The big question is how long and how deep will the sell off be? Wish I knew. I listened to an hour presentation yesterday by Bob Doll, Chief Investment Officer of Blackrock, who was coherent and logical, as he always is, and made a good case for 2010 being a positive year for equities. I can't fault his logic, but my stomach thinks otherwise. He gets paid better than me, has better data at his disposal, and has spent more time thinking through various scenarios, but if he is right, it will be one helluva roller coaster ride getting there. He named all the headwinds that we will face, but thought that massive stimulus and inventory rebuilding will lead stocks higher. It could happen, but I don't think it will.
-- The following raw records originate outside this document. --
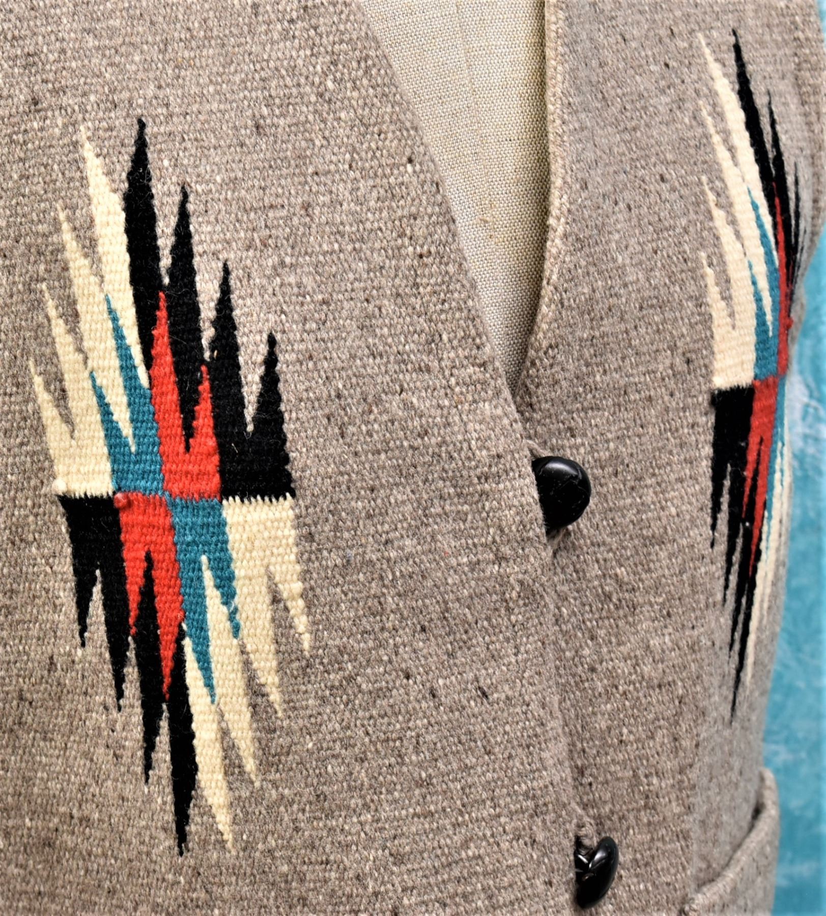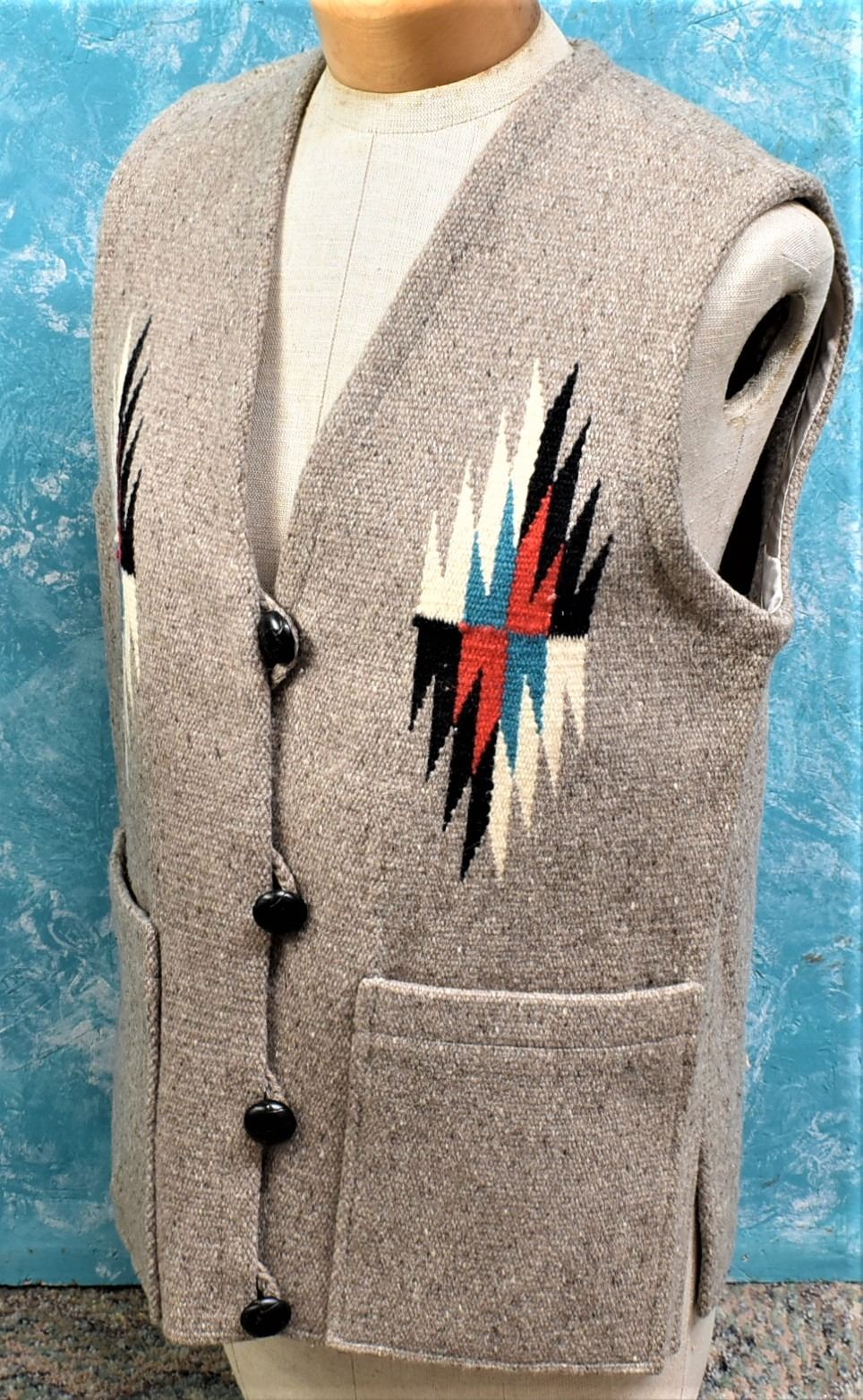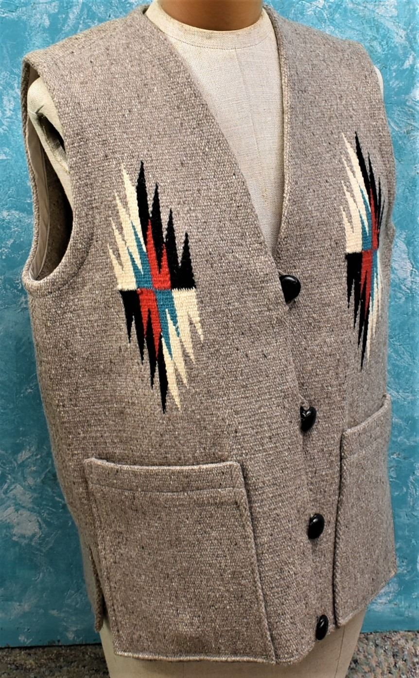 Ortega's 100% Wool Hand Woven Vest, Chimayo New Mexico, size M, beautiful serrated diamond pattern, chest 40'', length from shoulder to hem 25'', beautifully hand woven
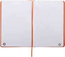 Blok A5 z recyklované PU kůže se 100 čistými listy z recyklovaného papíru. Se záložkou v odpovídající barvě a gumičkou.
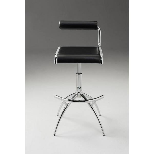 23 in. Black Low Back Metal Adjustable Height Bar Chair with Faux Leather Seat Set of 2
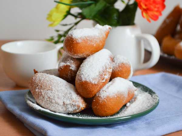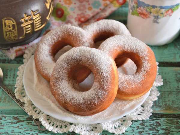 Затем остывшие пончики посыпаем сахарной пудрой. Из остального теста готовим аналогично остальные пончики.
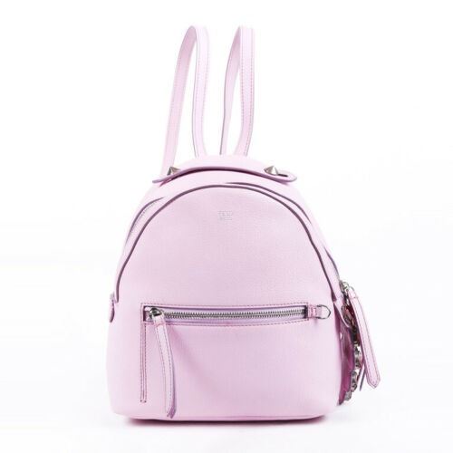 Description: Fendi mini By The Way leather backpack features silver tone hardware, adjustable straps, gemstone accents, front zip pocket, zip closure, and an interior with pockets and branded lining.
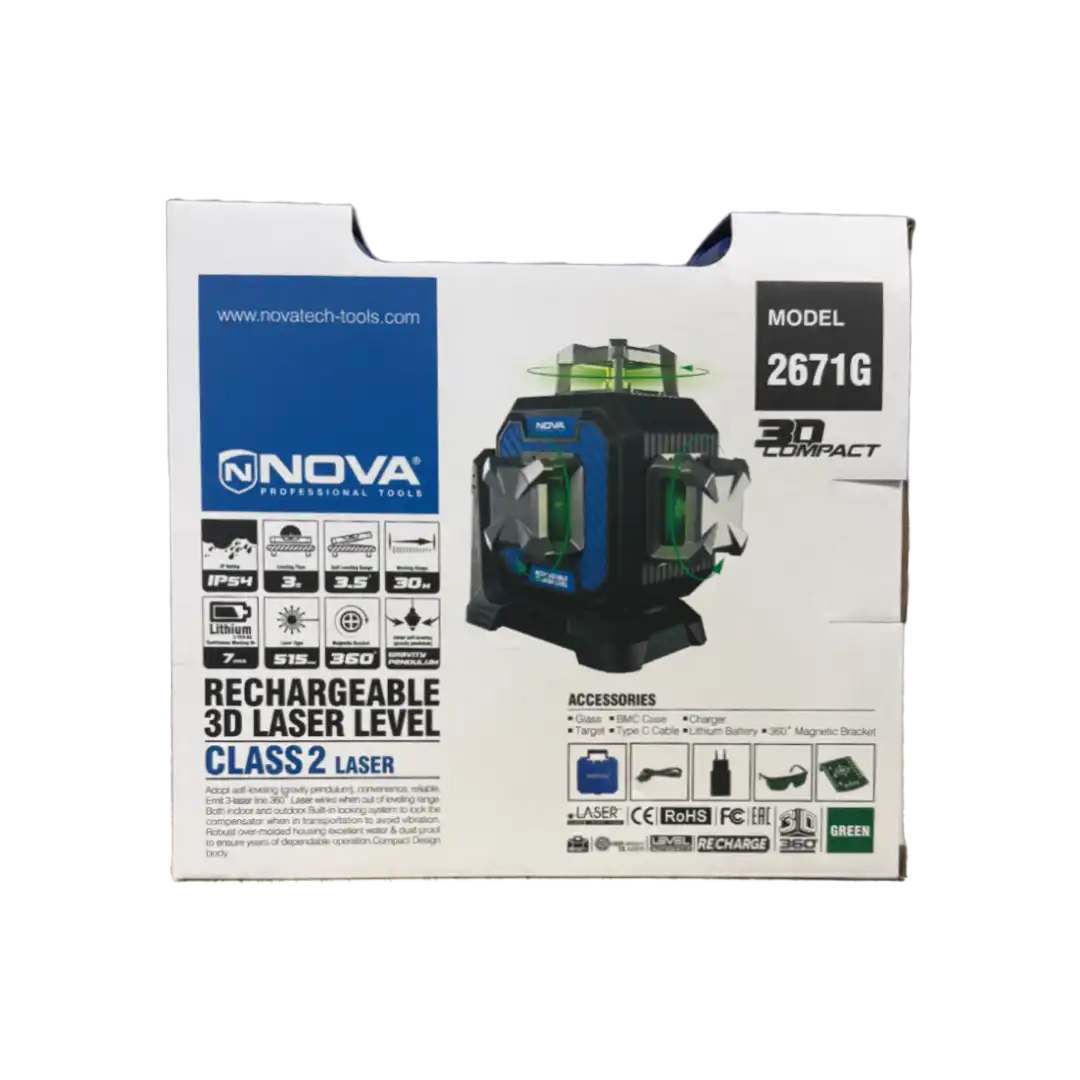 تراز لیزری شارژی چهار بعدی ۳۶۰ درجه سبز نووا مدل ۲۶۷۷G

In a nutshell, you don't need inventory if people don't buy. Sales tax receipts say the consumer isn't buying. Business won't replenish inventory, again, unless the consumer starts to step up and feel better. That won't happen without a much more robust job market. That appears years away. All of the bailouts,stimulus and jobs spending has spooked the public and ultimately it will spook the bond market. Visions of the future are presented daily from Greece, Iceland, Ireland, Portugal, and Spain. These evolving problems will translate into higher US interest rates and compete with equities. Higher bond yields mean that equities will need higher earnings yields, the inverse of the P/E, and earnings will not grow enough to compensate for declining P/Es.
I have no confidence in Obama being a positive in our recovery. He's ideologically opposed to being business friendly. Therefore, I don't think the consumer, nor business, is going to start gaining confidence and our economy will remain weak. China and Brazil will not grow at levels to ignite our economy. The only potential bright spot for 2010 is the same one i identified last year and that is M&A as solvent companies need to grow somehow and when organic growth isn't available, you do acquisitions. Lazard remains the purest play in M&A and is huge in restructurings which we will see lots of as the world sputters.
Mr. President, for popularity purposes, you need to be seen more with dogs. I like dogs, especially little white dogs.